* What is required *
From the entries below, reproduce exactly the lines from the one with "Kolsuz, bordo renkli" through the one with "Cauliflower cheese with crunchy sage crumbs", both included, without images.

* Task material *
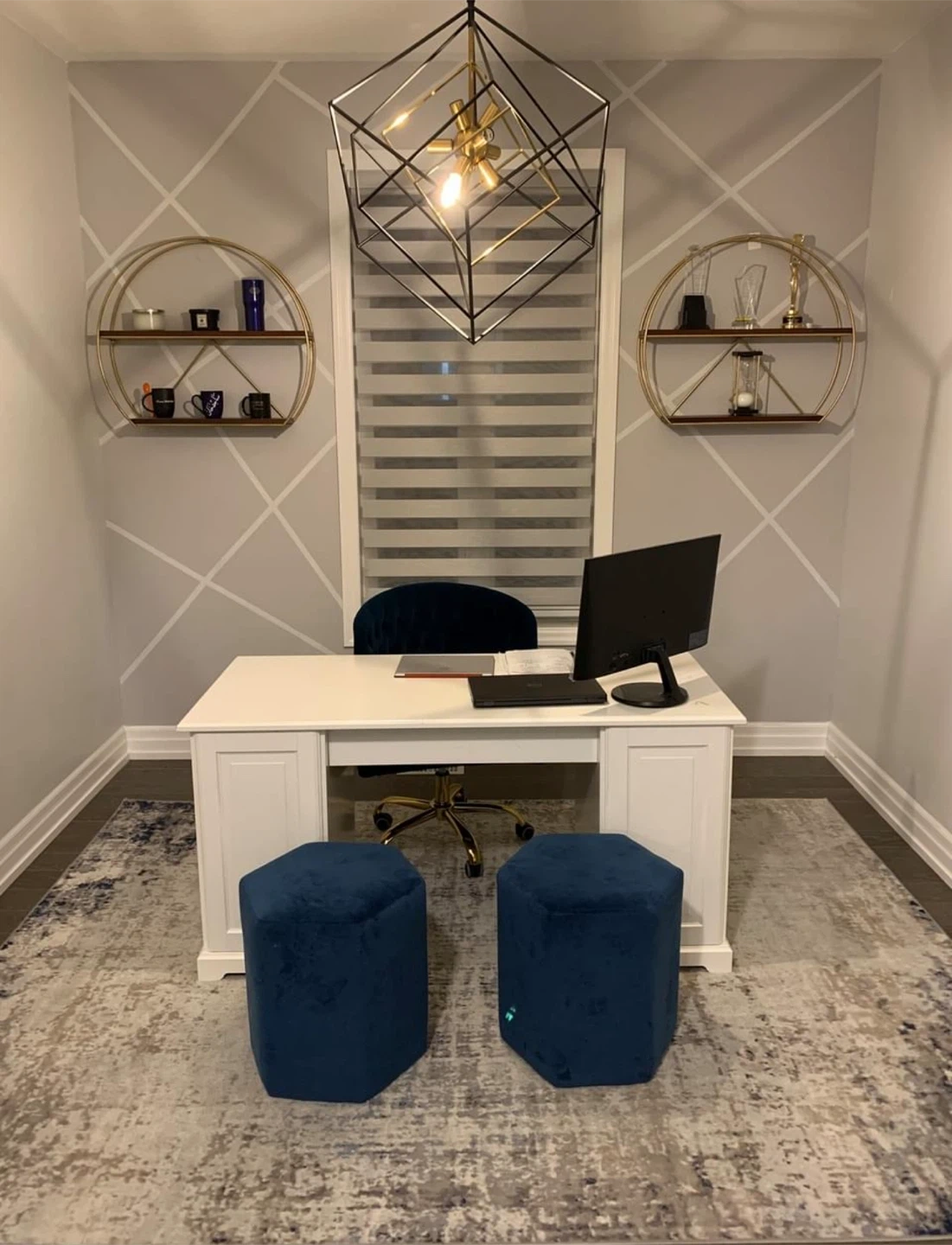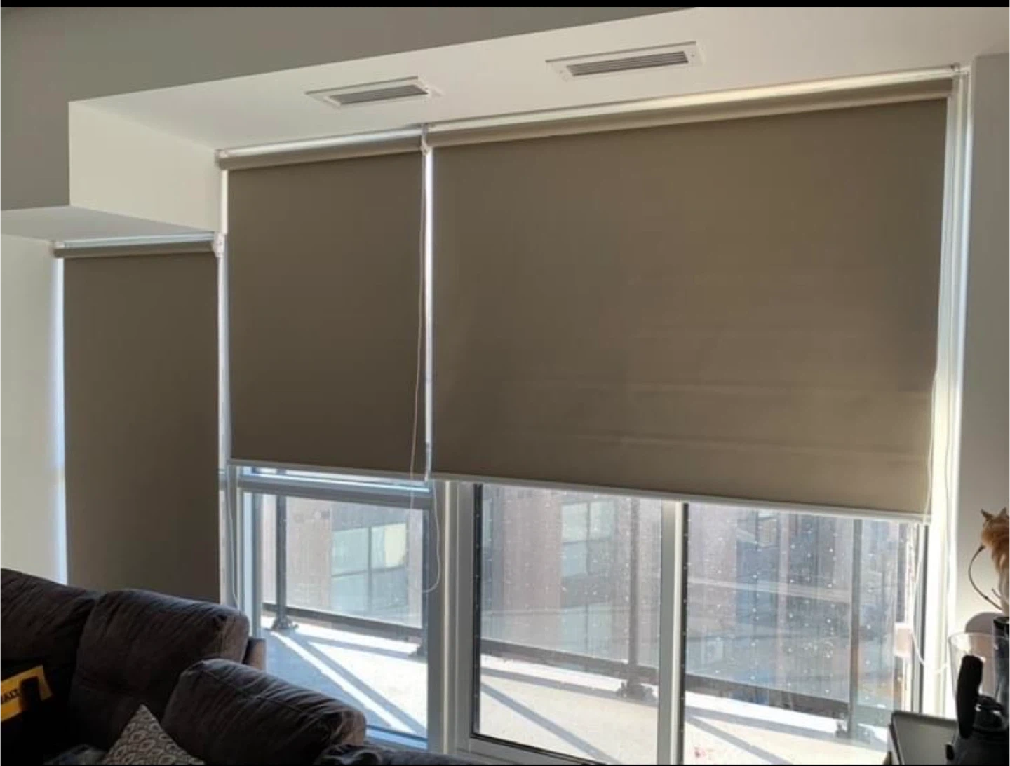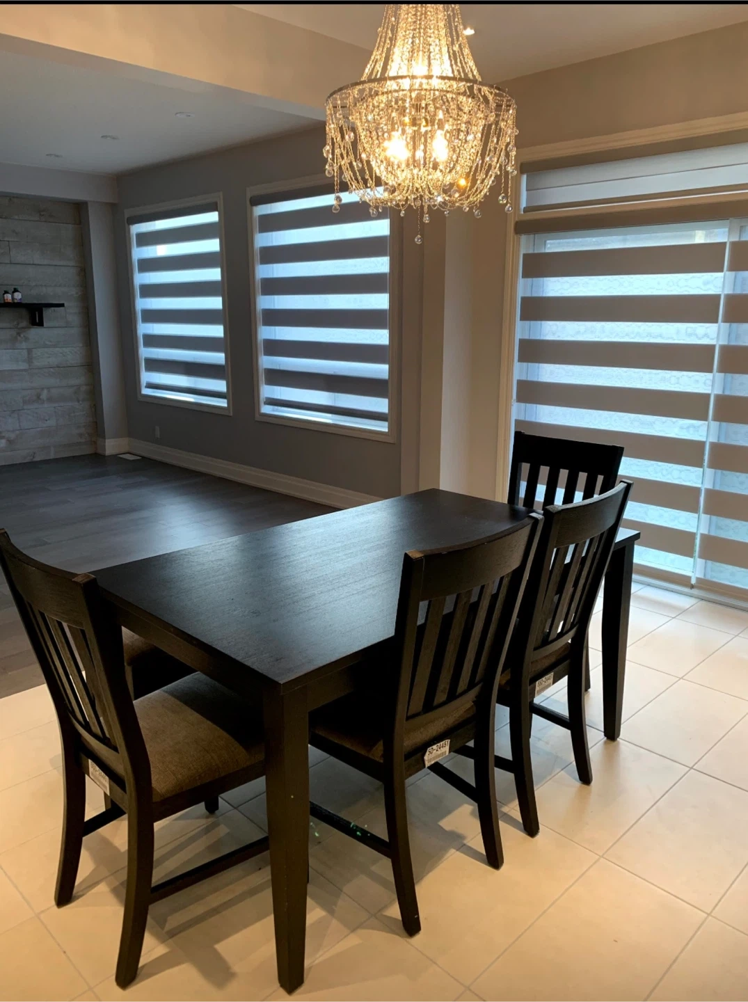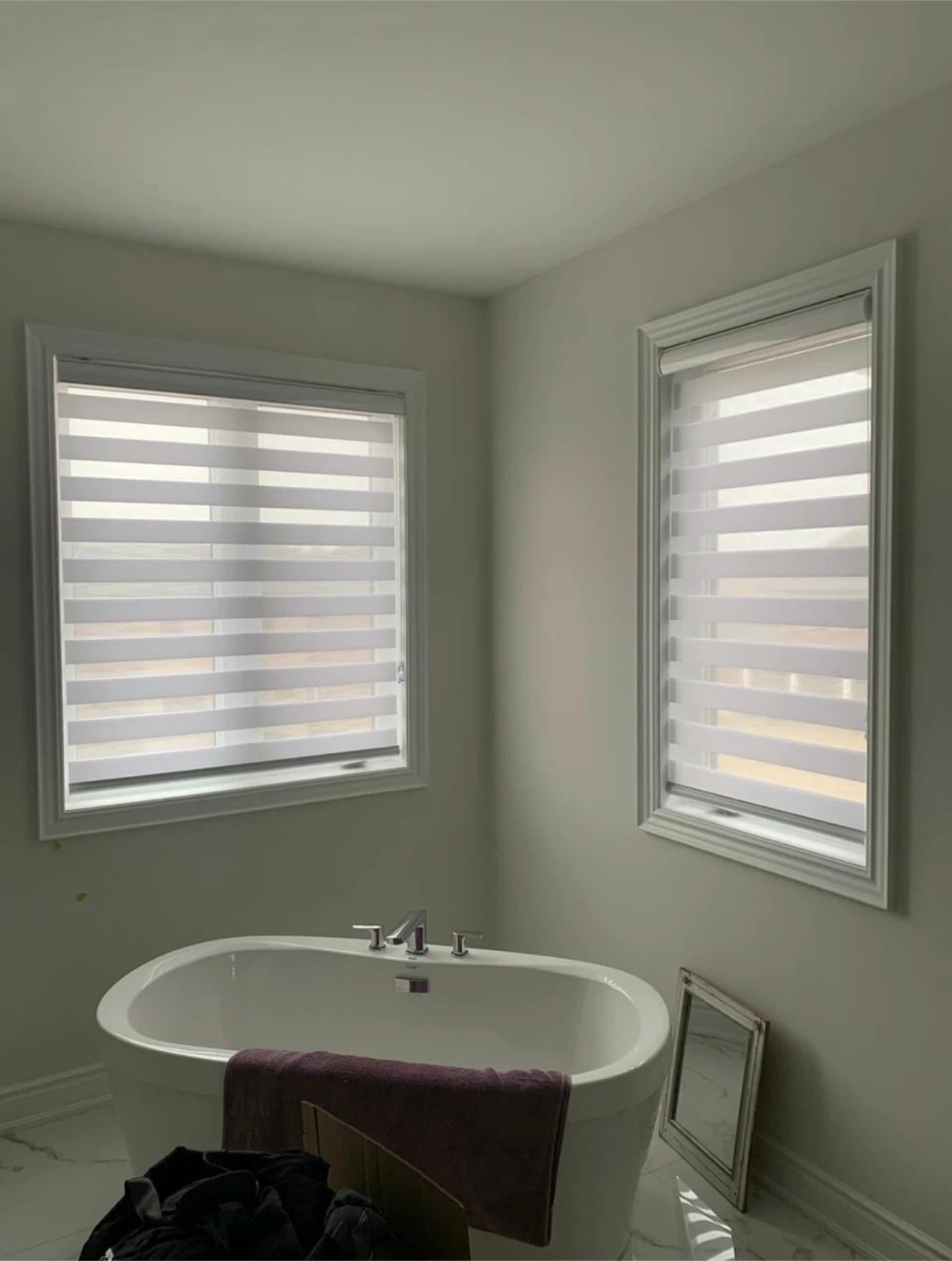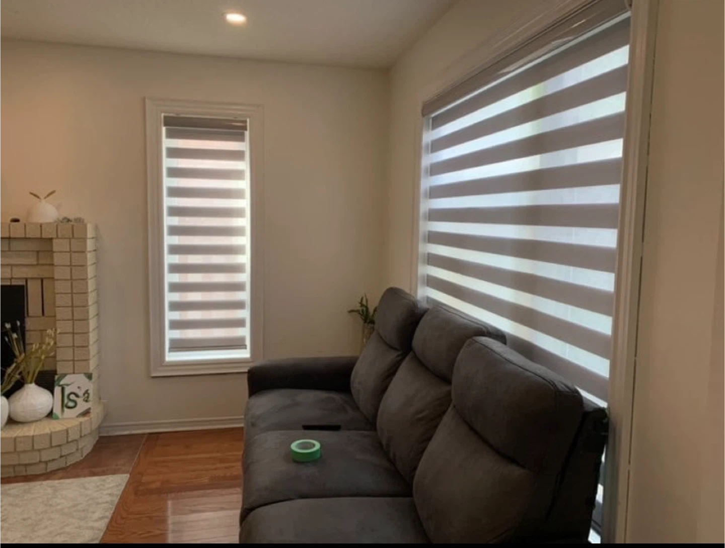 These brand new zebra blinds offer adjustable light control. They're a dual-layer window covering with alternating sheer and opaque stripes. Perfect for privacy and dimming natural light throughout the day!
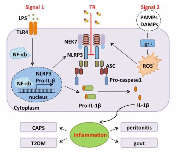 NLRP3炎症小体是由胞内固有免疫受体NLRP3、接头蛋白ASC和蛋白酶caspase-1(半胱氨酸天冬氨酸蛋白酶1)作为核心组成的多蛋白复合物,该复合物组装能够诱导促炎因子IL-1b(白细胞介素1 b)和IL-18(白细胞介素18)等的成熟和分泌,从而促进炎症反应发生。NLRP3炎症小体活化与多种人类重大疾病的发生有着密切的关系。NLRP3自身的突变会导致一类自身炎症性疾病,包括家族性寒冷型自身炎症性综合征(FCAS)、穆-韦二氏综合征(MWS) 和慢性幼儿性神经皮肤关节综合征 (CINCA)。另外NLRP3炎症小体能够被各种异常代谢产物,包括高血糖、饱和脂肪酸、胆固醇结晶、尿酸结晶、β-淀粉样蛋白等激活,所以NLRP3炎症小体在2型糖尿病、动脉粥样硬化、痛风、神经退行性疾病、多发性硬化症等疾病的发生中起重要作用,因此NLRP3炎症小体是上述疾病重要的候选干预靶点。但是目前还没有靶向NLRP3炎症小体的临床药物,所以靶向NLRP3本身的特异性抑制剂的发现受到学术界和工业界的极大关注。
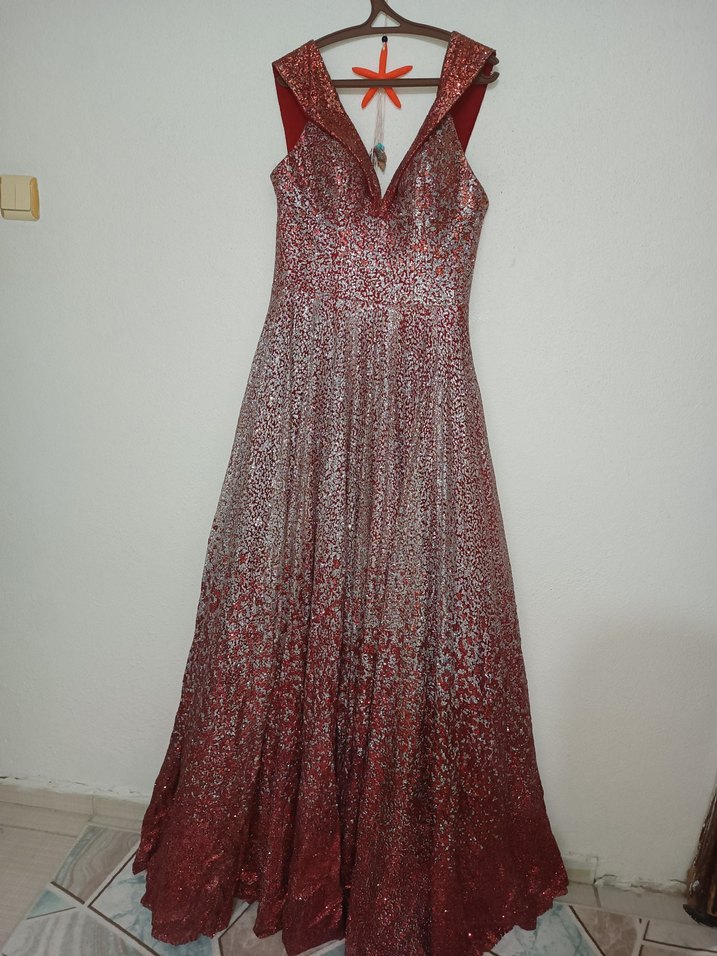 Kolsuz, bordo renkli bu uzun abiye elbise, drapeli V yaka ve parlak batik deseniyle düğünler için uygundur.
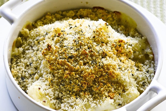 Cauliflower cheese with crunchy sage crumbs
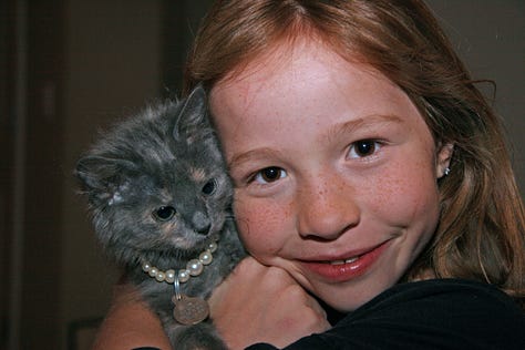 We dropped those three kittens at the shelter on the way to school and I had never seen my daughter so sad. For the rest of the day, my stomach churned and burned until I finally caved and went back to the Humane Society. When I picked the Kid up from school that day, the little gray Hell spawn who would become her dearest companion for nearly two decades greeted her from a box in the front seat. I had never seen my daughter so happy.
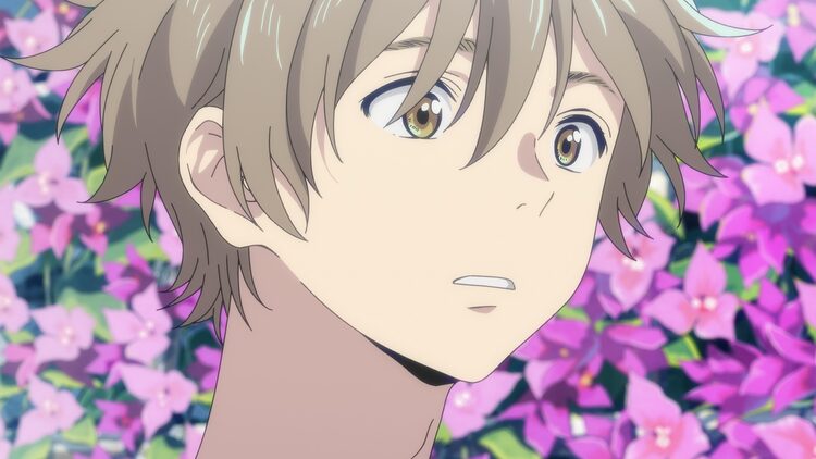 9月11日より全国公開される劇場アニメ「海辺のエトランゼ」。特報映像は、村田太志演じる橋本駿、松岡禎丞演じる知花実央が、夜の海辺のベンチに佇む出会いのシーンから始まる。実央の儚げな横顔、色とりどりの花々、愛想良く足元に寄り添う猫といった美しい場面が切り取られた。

* Answer section *
 Kolsuz, bordo renkli bu uzun abiye elbise, drapeli V yaka ve parlak batik deseniyle düğünler için uygundur.
 Cauliflower cheese with crunchy sage crumbs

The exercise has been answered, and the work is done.